CHAPTER TWENTY-ONE

It was five a.m. now, and I was staring at a sign that said SOUP KITCHEN.

Without waking up Enu—or, more important, Kiandra—I’d had to rely on my own computer skills to find any information about other kids raised by Freds who were now in Refuge City. Maybe the Freds hadn’t taught me very good computer-research skills; maybe they had tried and I just hadn’t listened. Whatever the reason, I’d had to search and search and search. And I’d found only one clue: a mysterious online posting that said, Seeking: Refuge City kids who want to talk about how to adapt to our new homes.

That had to be from some kid or kids who had a new home because their last home was with Freds. Didn’t it?

What else could it be?

The last part of that post said, If you meet this description, come to 9405 Bull Wallow Road and ask for Z.

It sounded like the setup for a prank. Maybe the kind of prank I might have pulled back in Fredtown. Like, I might walk into this 9405 Bull Wallow Road and get a pie in the face. If there had been any other lead online—or if I’d been patient enough to wait until Kiandra woke up so I could ask for help, and if she’d found something—I would have ignored this posting.

But as it was, I’d left the apartment and walked straight to 9405 Bull Wallow Road.

And . . . it was a soup kitchen. Whatever that was.

Probably just someplace that serves soup, I told myself. That’s okay. I had a long walk, and I’m hungry.

Soup for breakfast was a little unusual, but I didn’t care.

A broken shutter banged against the window frame of the next building over, and I shivered. The area around Bull Wallow Road did not look like any of the other glitzy, shiny new areas I’d seen everywhere else I’d been in Refuge City. It didn’t look like Fredtown, either. It looked old and broken-down and shadowy.

It looked a lot like the worst areas I’d seen in Cursed Town.

It’s just . . . not quite sunrise yet, I told myself. That’s all. This area will look fine once the sun’s up.

That gave me the courage to knock at the door of the soup kitchen.

“Come on in!” someone yelled from inside. “Coffee’s almost ready! So’s breakfast!”

I pushed my way in to find a long, narrow room full of rickety tables and mismatched chairs. Most of the chairs were empty, but a few contained hunched-over shapes—old men? Old women? It was hard to tell. They all seemed to be gray-haired and grizzled and snoring.

I looked around for the person who’d yelled “Come in!” I caught a flicker of movement from the far end of the room—it was a man standing behind a counter.

“Are you hungry?” the man asked gently.

“No,” I said, because suddenly I wasn’t.

“That’s fine,” the man said, but he sounded like he didn’t believe me.

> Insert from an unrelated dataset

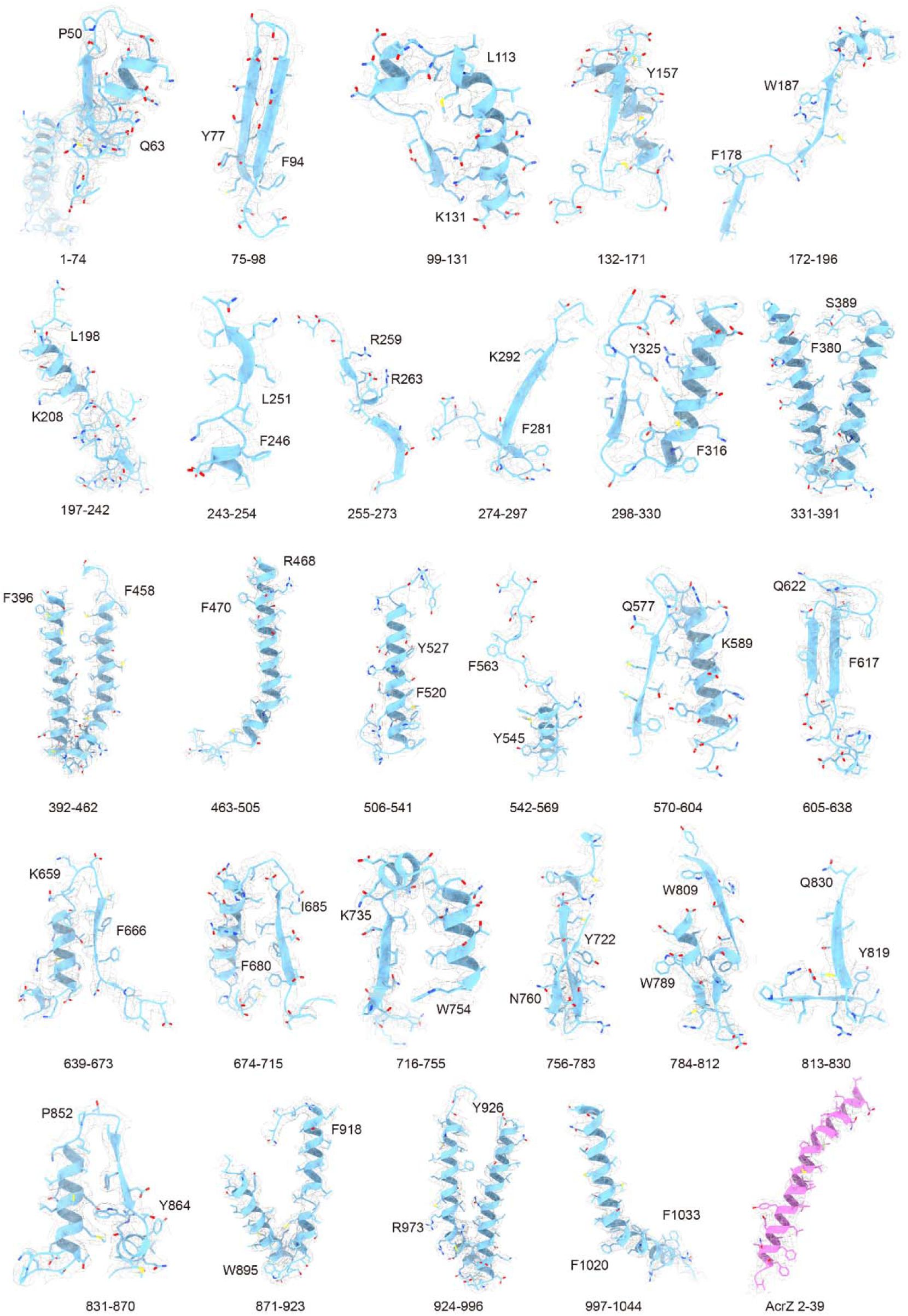, the limited resolution and conformational heterogeneity in those structures impeded accurate modeling of flexible regions and may have masked the presence of additional subunits.

“I’m here to see Z,” I said.

His friendly expression tightened.

“Do you know her?” he asked. “Does she know you?”

Her? I thought. She?

“No,” I admitted, because I didn’t think I could bluff my way through this one. “I just saw something she posted online. I wanted to . . . talk about adjusting to our new homes.”

Now the man spoke through clenched teeth.

“I don’t really think that’s—” he began.

But a door banged behind him, and a short girl with reddish-brown pigtails pushed past him.

“Is it—” she began eagerly. Her gaze fell on me and she looked confused. “Oh. I thought . . . I don’t know you.”

The man put his hand on the girl’s shoulder.

“We can ask him to leave, Zeebs,” he said. “We have a standing arrangement with the police, if anyone causes a disturbance here . . .”

This was so annoying.

“I’m not causing a disturbance!” I insisted. “This girl—Zeebs?—she pretty much invited me here, saying to come here and ask for Z if I wanted to talk about adapting to my new home. I’m just doing what she told me to do!”

The girl narrowed her eyes at me. They were so light, they were almost gold.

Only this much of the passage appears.